Provided material:
※ ※ ※

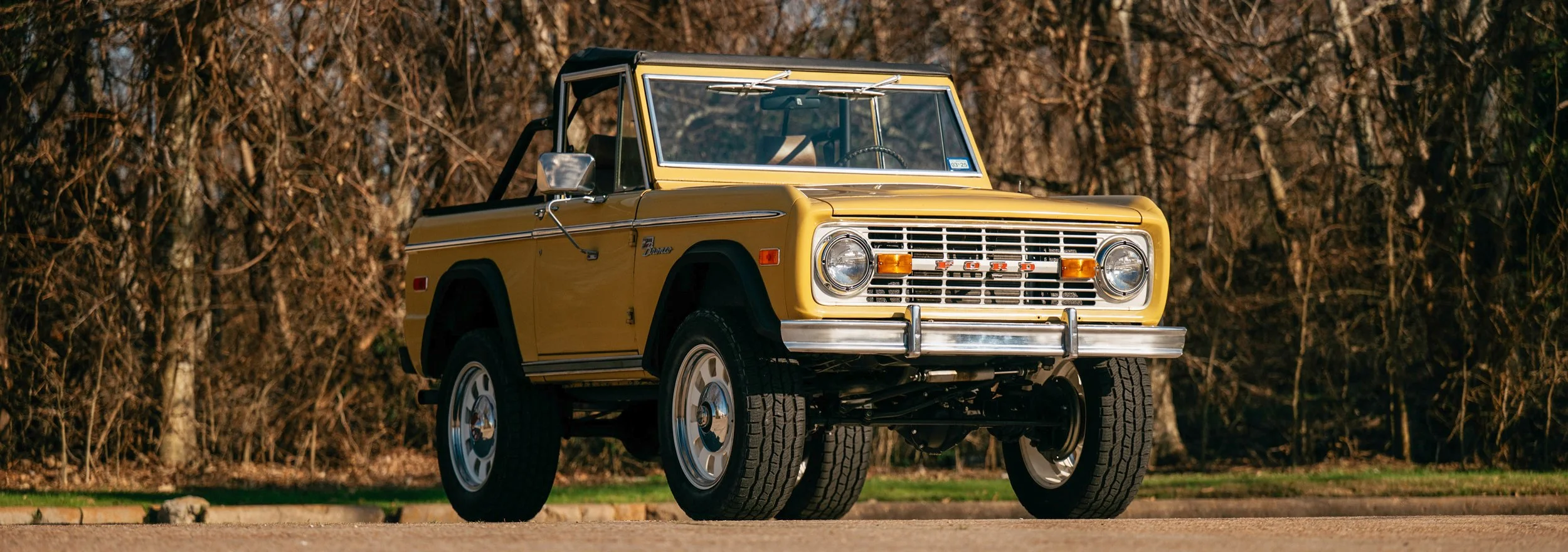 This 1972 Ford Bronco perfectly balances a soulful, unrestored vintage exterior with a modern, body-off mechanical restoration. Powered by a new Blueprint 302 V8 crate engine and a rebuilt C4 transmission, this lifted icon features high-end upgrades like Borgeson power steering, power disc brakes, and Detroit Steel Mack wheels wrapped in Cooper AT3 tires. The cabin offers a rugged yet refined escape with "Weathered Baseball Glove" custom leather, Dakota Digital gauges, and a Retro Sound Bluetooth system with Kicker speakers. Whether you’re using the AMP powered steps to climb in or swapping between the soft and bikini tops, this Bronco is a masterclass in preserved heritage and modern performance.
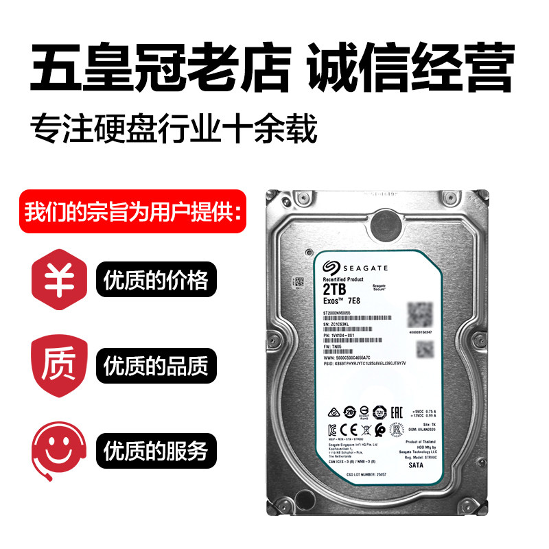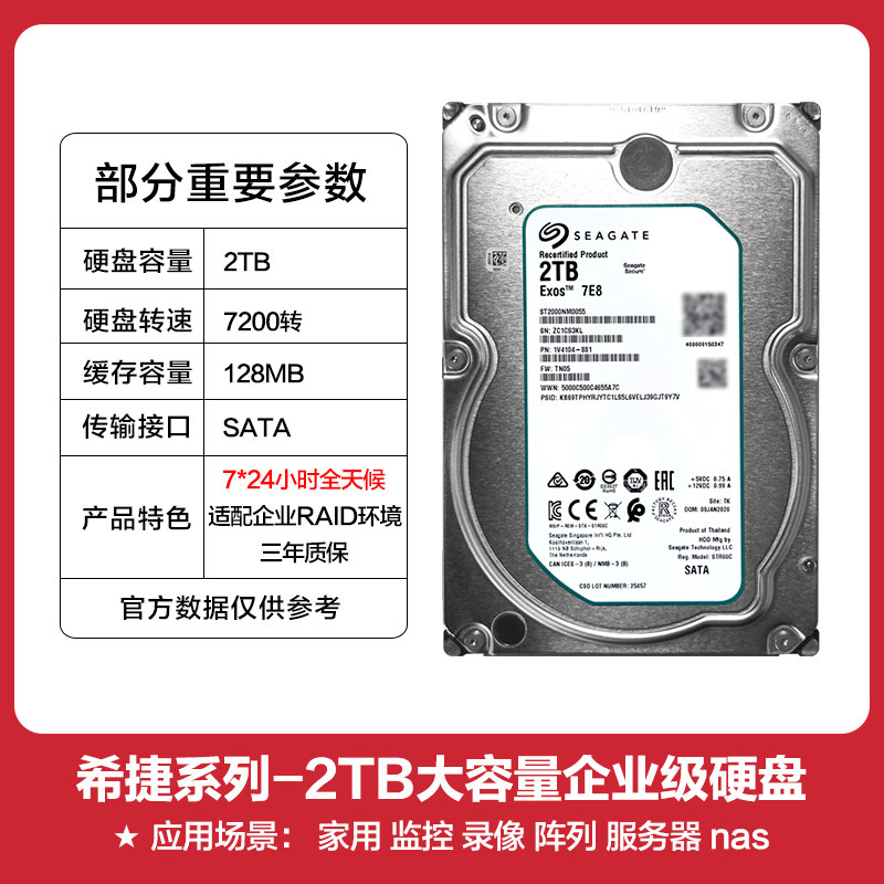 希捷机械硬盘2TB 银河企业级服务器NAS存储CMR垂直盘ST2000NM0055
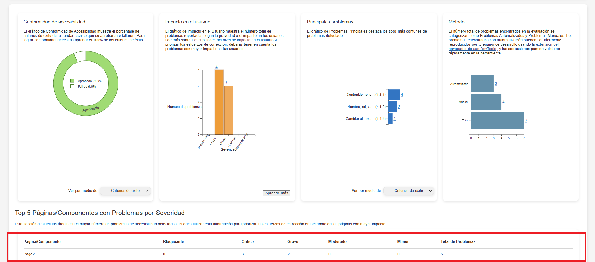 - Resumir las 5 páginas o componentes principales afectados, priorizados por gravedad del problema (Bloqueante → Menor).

※ ※ ※

Work to complete:
Pictures must not appear in the copy, which must otherwise match the listing exactly.

Exercise solution:
 This 1972 Ford Bronco perfectly balances a soulful, unrestored vintage exterior with a modern, body-off mechanical restoration. Powered by a new Blueprint 302 V8 crate engine and a rebuilt C4 transmission, this lifted icon features high-end upgrades like Borgeson power steering, power disc brakes, and Detroit Steel Mack wheels wrapped in Cooper AT3 tires. The cabin offers a rugged yet refined escape with "Weathered Baseball Glove" custom leather, Dakota Digital gauges, and a Retro Sound Bluetooth system with Kicker speakers. Whether you’re using the AMP powered steps to climb in or swapping between the soft and bikini tops, this Bronco is a masterclass in preserved heritage and modern performance.
 希捷机械硬盘2TB 银河企业级服务器NAS存储CMR垂直盘ST2000NM0055
 - Resumir las 5 páginas o componentes principales afectados, priorizados por gravedad del problema (Bloqueante → Menor).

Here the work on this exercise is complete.